Катька ищет компромисса между своим реалистическим рассудком и утопической душой в беспрерывных пожертвованиях – на рождения и похороны, на вдов и сирот (на храмы никогда), – но при этом постоянно саркастически проходится и по рыданиям о всеобщей бедности, да и по самим беднякам: у бастующих шахтеров спины жирные, тетки, перекрывающие уличное движение, все в шубах, на работу на два часа в день никак не найти уборщицу… Когда моя еврейская душа не позволяет выбросить поношенное пальто – “отдай лучше бедным”, – она растерянно разводит руками: “Бедные все толстые”. Но “вуткинской” родни эти абстрактные подкусывания не касаются совершенно – ее она подкармливает до семьдесят седьмого колена, а для Леши, чтоб он окончательно не спился, держит полуненужную должность курьера. С нечистой, прокуренной седины сквозным чубом бывшего блондина, малиновый и хмурый, он смахивает на не очень крупного, но очень достойного провинциального начальника. Время от времени романтическая натура все-таки берет свое, он на несколько дней пропадает (как правило, все-таки доставив пакет по адресу – “я как батя”), потом еще несколько дней предается бурной курьерской службе, стараясь не попадаться Катьке на глаза, пока она не отойдет: сорок лет назад, совершая налеты на соседские сады, он непременно притаскивал и ей по два-три кислых яблока, и забыть эти дары она уже никогда не сможет.
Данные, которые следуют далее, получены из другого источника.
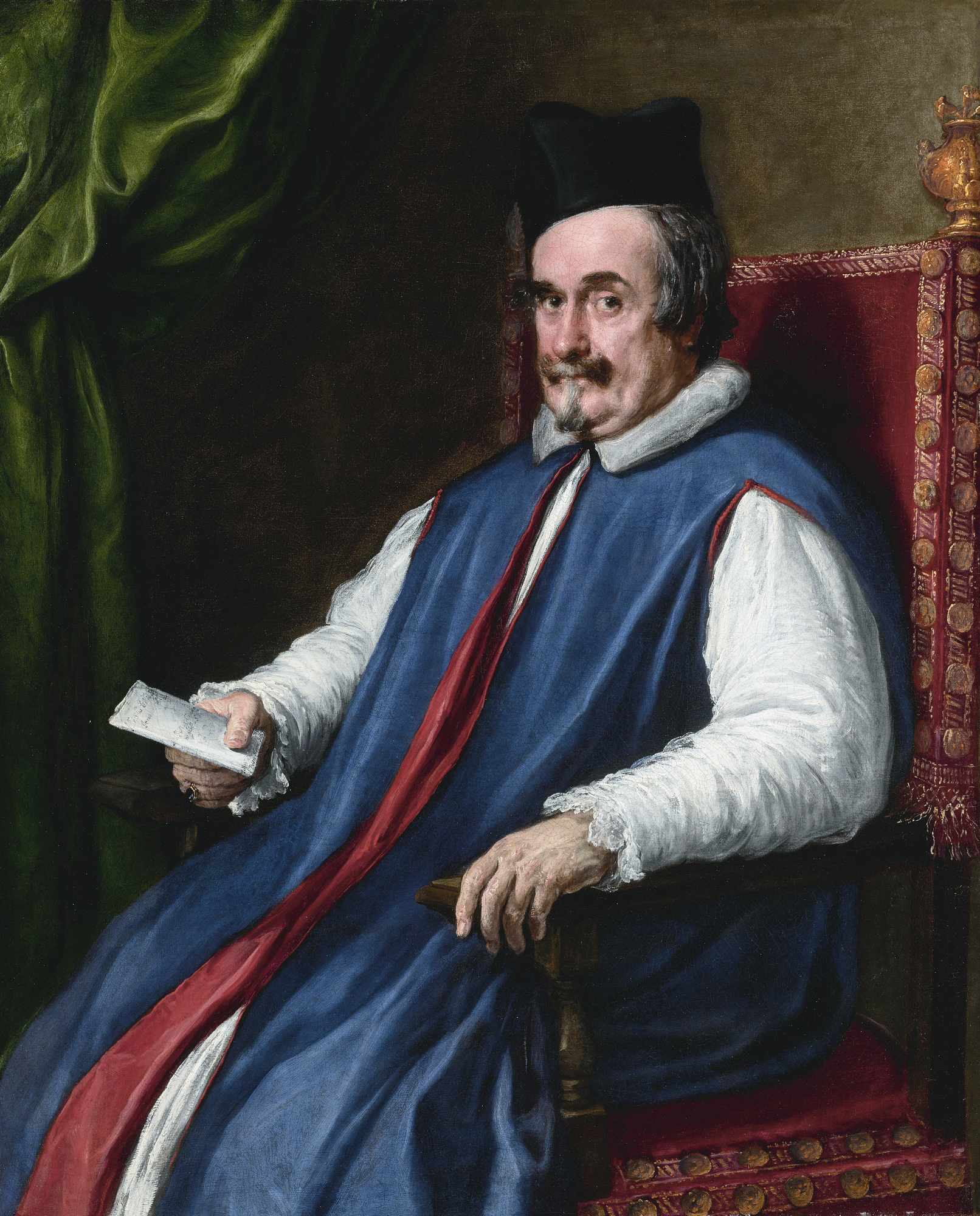 Monsignor Cristoforo Segni (d. 1661), Maggiordomo to Pope Innocent X

Тем не менее Леша теперь открыто ее чтит, но со мной по-прежнему держится строго. “А ты, зятек, помолчи”, – может вдруг остановить меня на каком-нибудь широкосемейном торжестве, ввергая в мелкий соблазн: а не выйти ли из-за стола – пусть-ка испытает на себе священный ужас
“вуткинской” общины, где я почти каждого хоть чем-нибудь да облагодетельствовал и скорее всего облагодетельствую в будущем… Но ведь повиснут и на мне, начнут умолять, тащить и не пущать – в столкновении с хамством мы всегда проигрываем: победа над ним так же противна, как и поражение. Поэтому я стараюсь не бывать там, куда приглашен Леша. Увы, я не настолько мелочен, чтобы раз и навсегда загнать Лешу под лавку, хотя мне для этого достаточно пошевелить пальцем; но – еще раз увы – я и не настолько великодушен, чтобы полностью снизойти к нищему облезлому неудачнику, понесшему особо непоправимый урон в зубах, которого мне бывает даже жалко, пока я не вспоминаю, что и я, в сущности, такой же неудачник. По своему отношению к мучительнейше любимым не так еще давно детям я вижу, что не умею по-настоящему жалеть тех, кого не уважаю. Но снисходительность немедленно снисходит на меня, когда я отдаю себе отчет, что Леша и подкусывает-то меня только ради сохранения исплесневевших остатков уважения к себе. Вот когда мы пили с ним на Заозерской кухне – в единственной комнате спали дети, – тогда я его злил по-настоящему: Катька, краса и гордость ковригинского рода, обожает какого-то слюнтяя, сопляка!.. Вдобавок самое обидное – держит его почти за героя. Я и правда не раз повергал ее в ужас, то прогуливаясь по карнизу третьего этажа, то мимоходом прихватывая с витрины яблоко или конфету, но сам-то я чувствовал некую радикальную разницу между хорохорящимся молокососом и настоящим мужиком. Когда мы с Лешей, поддатые, вваливались, скажем, в такси, водитель, как бы я ни косил под бывалого, с полувзгляда раскалывал во мне человека несерьезного и начинал обращаться только к Леше – и они заводили грубовато-дружелюбную беседу мужиков, уважающих друг друга. Да, содержание их разговоров тоже было бесконечно скучно для меня, ибо с головкой уходило в мир повседневных реальностей, – но главным, что мгновенно превращало меня в изгоя, было, я думаю, мое желание нравиться. В субкультуре российских городских низов достойным считается лишь презрение к случайному встречному – своего здесь опознают по умению показать, что ты для него такое же дерьмо, как и он для тебя.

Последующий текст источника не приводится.